Former village in North Carolina, US

Millbrook was a village in Wake County, North Carolina. Growth of Raleigh suburbs in the mid to late twentieth century swallowed up the village. Millbrook High, Middle, and Elementary school in Raleigh are named after the village.

==History==
The community developed in the early 1860s around an important gristmill situated on Marsh Creek. The gristmill, known as "Mill Brook," is believed to be the origin of the village's name. Historians believe that the remains of this original mill still exist today, though they are largely unrecognized by many locals.

The village grew around the Raleigh and Gaston Railroad, which established a station in the village in 1860. This railroad line, chartered in 1835 and completed in 1840, was North Carolina's second railroad, connecting Raleigh to Gaston, North Carolina. The establishment of the railroad station facilitated the growth of Millbrook by providing transportation and access to markets.

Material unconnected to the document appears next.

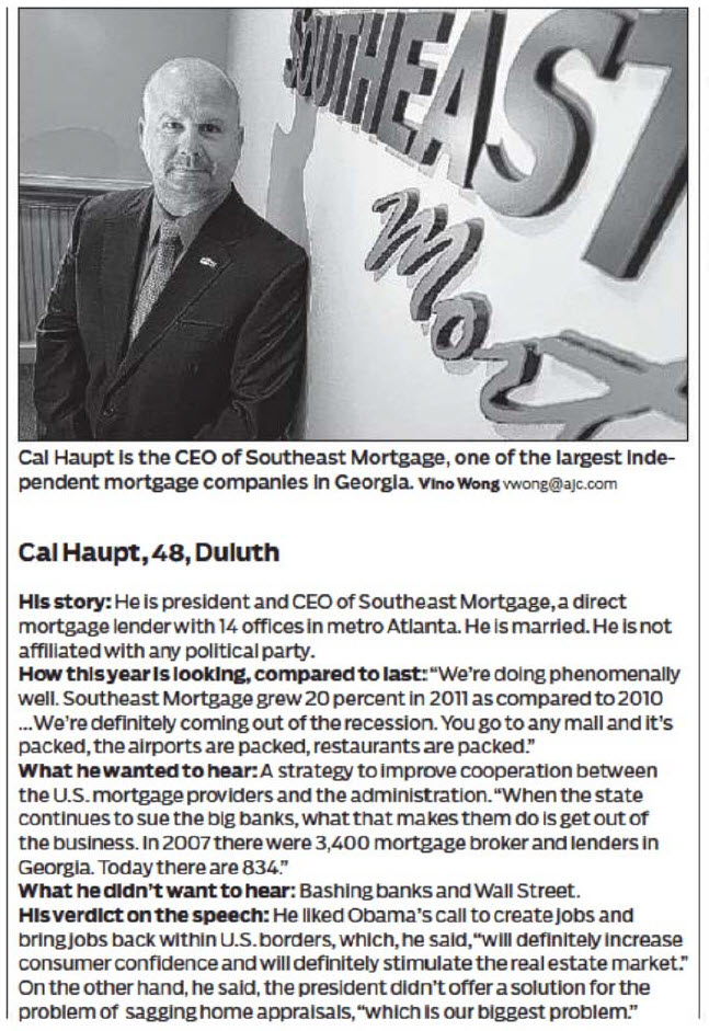 How this year is looking compared to last: "We're doing phenomenally well. Southeast Mortgage grew 20 percent in 2011 as compared to 2010….. We're definitely coming out of the recession. You go to any mall and it’s packed, the airports are packed, restaurants are packed.”What he wanted to hear: A strategy to improve cooperation between the U.S. mortgage providers and the administration. "When the state continues to sue the big banks, what that makes them do is get out of the business. In 2007 there were 3,400 mortgage broker and lenders in Georgia. Today there are 834."

In the mid-20th century, the expansion of Raleigh's suburbs led to the annexation of Millbrook, and the village gradually faded from history. Today, very few remnants of the Millbrook community remain. Some abandoned homesteads can be found near Falls Lake, serving as ruins from another era.

==Geography==

Located approximately six miles north of present downtown Raleigh, at the intersection of what is now East Millbrook Road and Old Wake Forest Road (now Falls of Neuse Road). The area was characterized by rolling hills and fertile farmland, with an approximate elevation of 328 feet (100 meters) above sea level.

The village developed along Marsh Creek, a 6.21-mile-long tributary of Crabtree Creek. The creek's watershed encompasses approximately 9.58 square miles, primarily characterized by developed land with limited forest cover. Marsh Creek flows southeast through eastern Raleigh, eventually merging with Crabtree Creek near the US 64 and I-440 interchange.